_LISTED RECORDS_
===
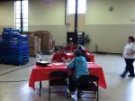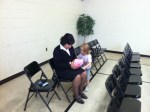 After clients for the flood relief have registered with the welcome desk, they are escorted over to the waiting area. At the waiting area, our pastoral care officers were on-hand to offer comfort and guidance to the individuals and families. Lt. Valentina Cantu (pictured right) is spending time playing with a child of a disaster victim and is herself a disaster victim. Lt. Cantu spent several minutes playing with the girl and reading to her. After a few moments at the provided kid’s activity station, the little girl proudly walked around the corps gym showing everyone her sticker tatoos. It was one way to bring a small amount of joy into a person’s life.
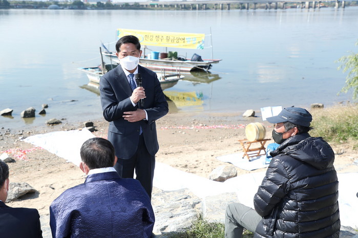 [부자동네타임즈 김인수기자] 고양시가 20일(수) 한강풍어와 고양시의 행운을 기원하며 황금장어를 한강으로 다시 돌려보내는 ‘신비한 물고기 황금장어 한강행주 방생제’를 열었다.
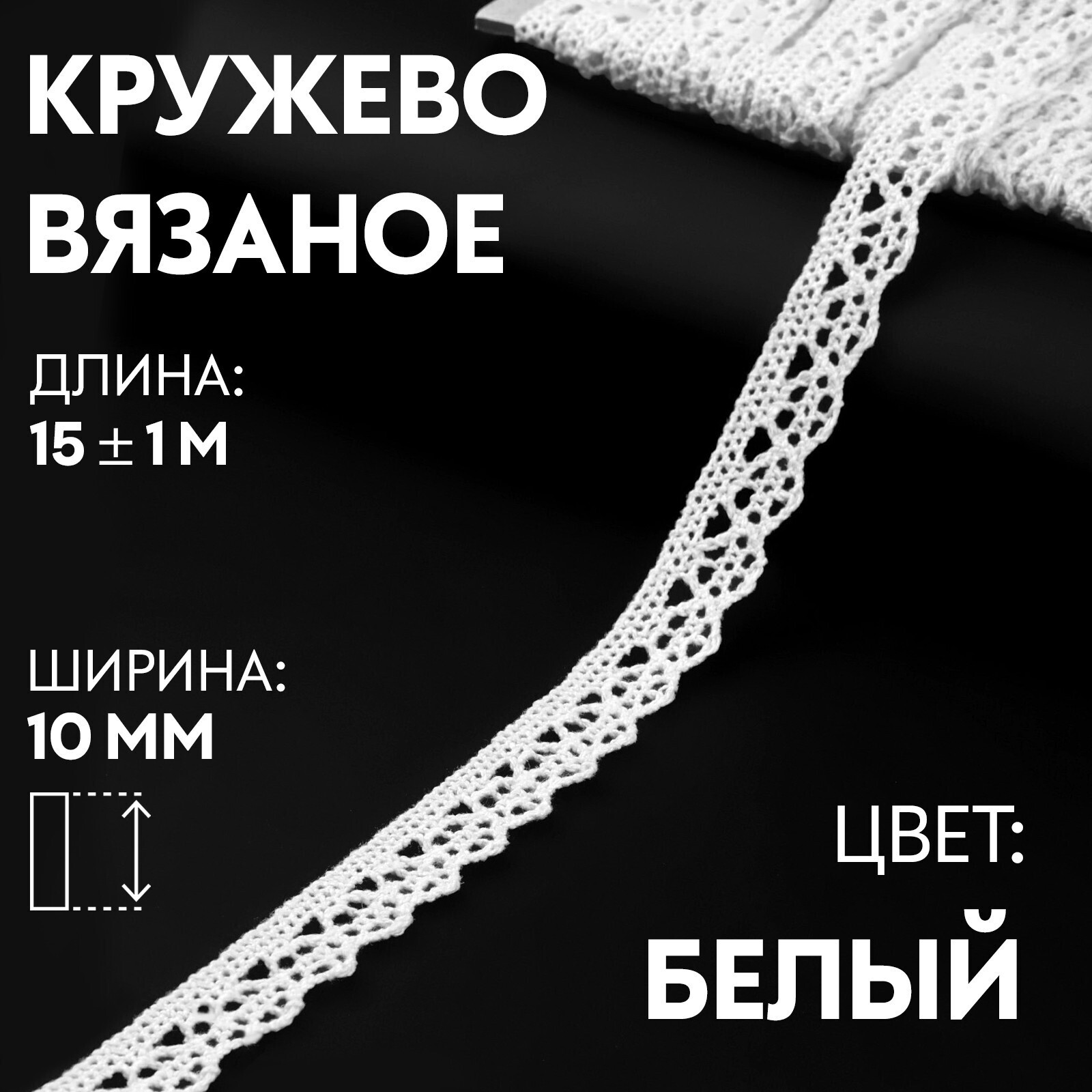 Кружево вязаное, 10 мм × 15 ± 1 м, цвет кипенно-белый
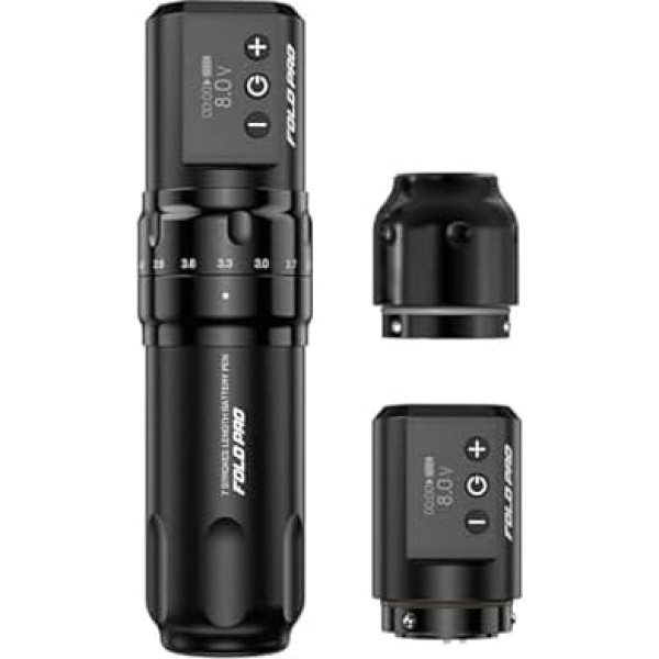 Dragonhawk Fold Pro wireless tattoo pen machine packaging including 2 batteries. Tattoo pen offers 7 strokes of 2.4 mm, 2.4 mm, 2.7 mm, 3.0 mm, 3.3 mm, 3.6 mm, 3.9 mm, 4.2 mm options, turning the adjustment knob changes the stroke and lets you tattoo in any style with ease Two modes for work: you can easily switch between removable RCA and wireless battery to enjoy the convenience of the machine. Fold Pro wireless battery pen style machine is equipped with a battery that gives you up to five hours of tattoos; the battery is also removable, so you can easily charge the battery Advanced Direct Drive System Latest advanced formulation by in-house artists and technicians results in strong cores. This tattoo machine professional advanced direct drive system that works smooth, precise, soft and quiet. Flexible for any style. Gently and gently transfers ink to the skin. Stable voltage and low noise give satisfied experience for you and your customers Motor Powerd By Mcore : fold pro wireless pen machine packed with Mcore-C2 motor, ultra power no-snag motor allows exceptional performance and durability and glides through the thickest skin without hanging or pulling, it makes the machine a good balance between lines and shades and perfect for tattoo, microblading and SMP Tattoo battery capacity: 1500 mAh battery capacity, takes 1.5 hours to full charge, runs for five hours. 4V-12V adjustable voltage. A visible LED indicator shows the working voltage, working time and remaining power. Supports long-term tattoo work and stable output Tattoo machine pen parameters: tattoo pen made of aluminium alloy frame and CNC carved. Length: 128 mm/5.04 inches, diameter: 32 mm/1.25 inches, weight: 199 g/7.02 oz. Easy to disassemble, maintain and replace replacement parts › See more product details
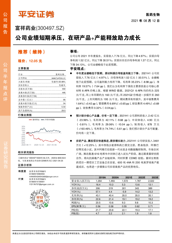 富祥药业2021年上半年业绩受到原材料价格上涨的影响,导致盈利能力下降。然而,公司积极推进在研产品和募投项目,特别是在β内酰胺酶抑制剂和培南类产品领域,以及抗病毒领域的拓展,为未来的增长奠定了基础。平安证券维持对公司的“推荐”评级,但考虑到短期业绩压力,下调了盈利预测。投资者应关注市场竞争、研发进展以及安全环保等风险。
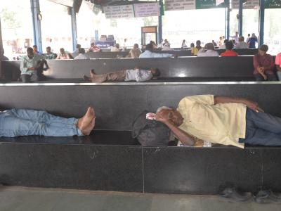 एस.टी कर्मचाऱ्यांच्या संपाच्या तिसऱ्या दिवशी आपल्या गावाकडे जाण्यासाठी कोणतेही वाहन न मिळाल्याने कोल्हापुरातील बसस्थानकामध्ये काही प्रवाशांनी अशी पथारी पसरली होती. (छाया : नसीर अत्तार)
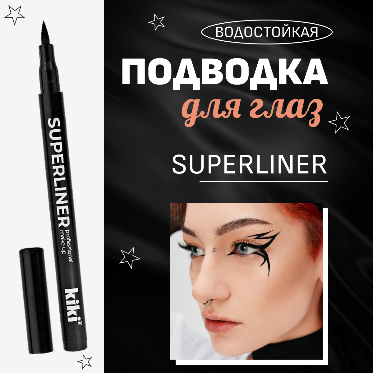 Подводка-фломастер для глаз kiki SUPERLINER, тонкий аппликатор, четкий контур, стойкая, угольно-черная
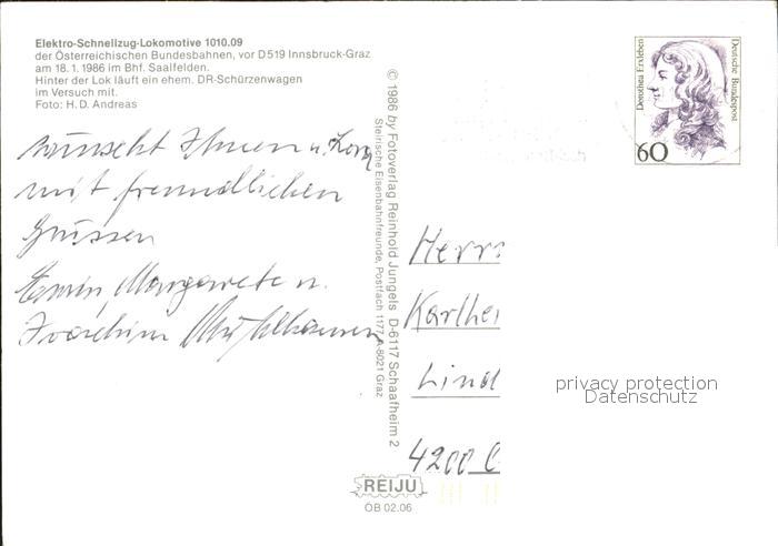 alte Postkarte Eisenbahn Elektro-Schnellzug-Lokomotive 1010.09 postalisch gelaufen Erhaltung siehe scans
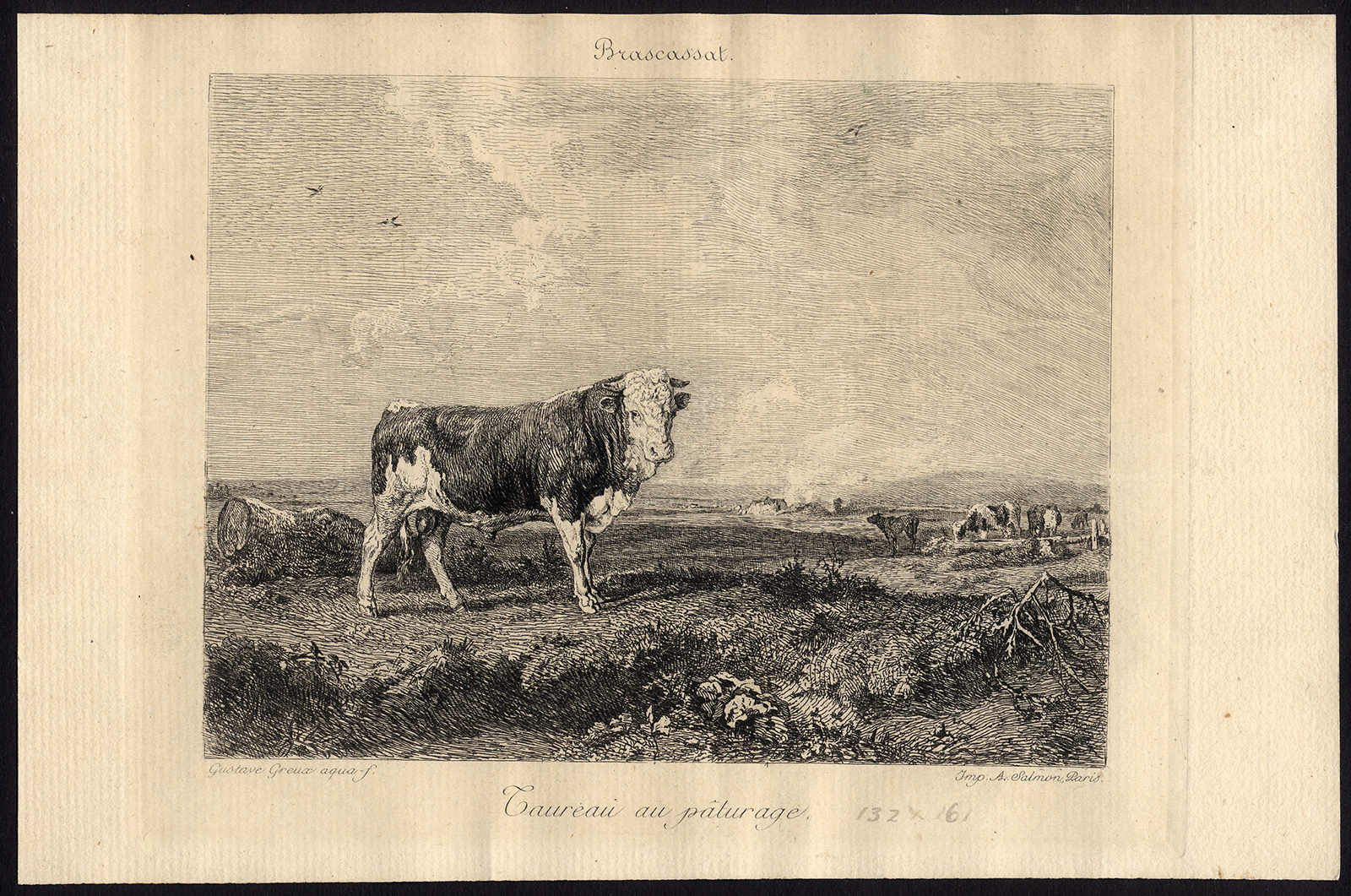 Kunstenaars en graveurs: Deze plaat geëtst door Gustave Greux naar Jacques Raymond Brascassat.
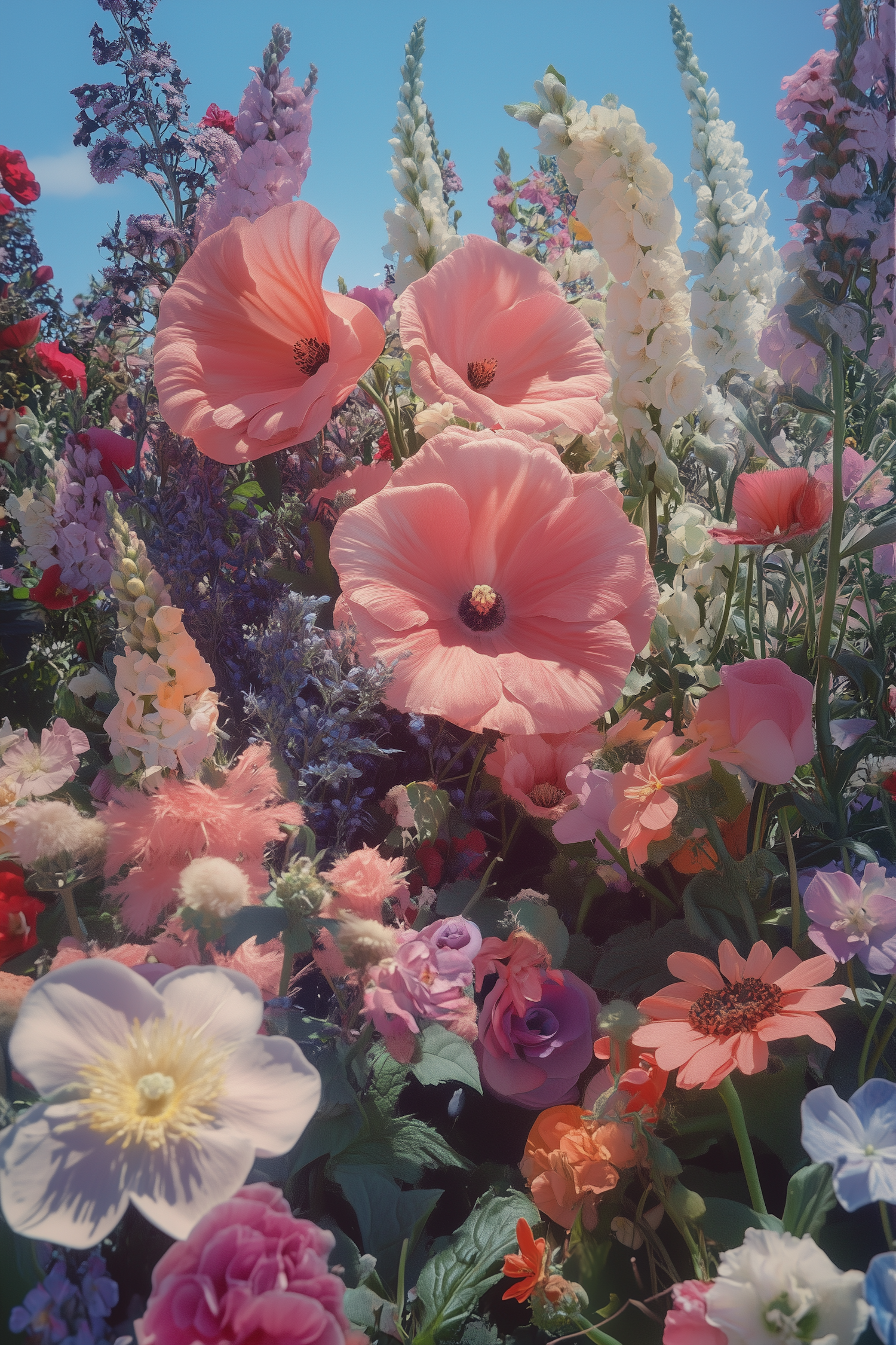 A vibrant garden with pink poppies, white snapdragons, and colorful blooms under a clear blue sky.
===
_PROBLEM_
Leave the pictures out. Output, exactly, the lines of the material above starting at the line containing "एस.टी कर्मचाऱ्यांच्या संपाच्या" and ending at the line containing "Kunstenaars en graveurs: Deze".

_OUTPUT_
 एस.टी कर्मचाऱ्यांच्या संपाच्या तिसऱ्या दिवशी आपल्या गावाकडे जाण्यासाठी कोणतेही वाहन न मिळाल्याने कोल्हापुरातील बसस्थानकामध्ये काही प्रवाशांनी अशी पथारी पसरली होती. (छाया : नसीर अत्तार)
 Подводка-фломастер для глаз kiki SUPERLINER, тонкий аппликатор, четкий контур, стойкая, угольно-черная
 alte Postkarte Eisenbahn Elektro-Schnellzug-Lokomotive 1010.09 postalisch gelaufen Erhaltung siehe scans
 Kunstenaars en graveurs: Deze plaat geëtst door Gustave Greux naar Jacques Raymond Brascassat.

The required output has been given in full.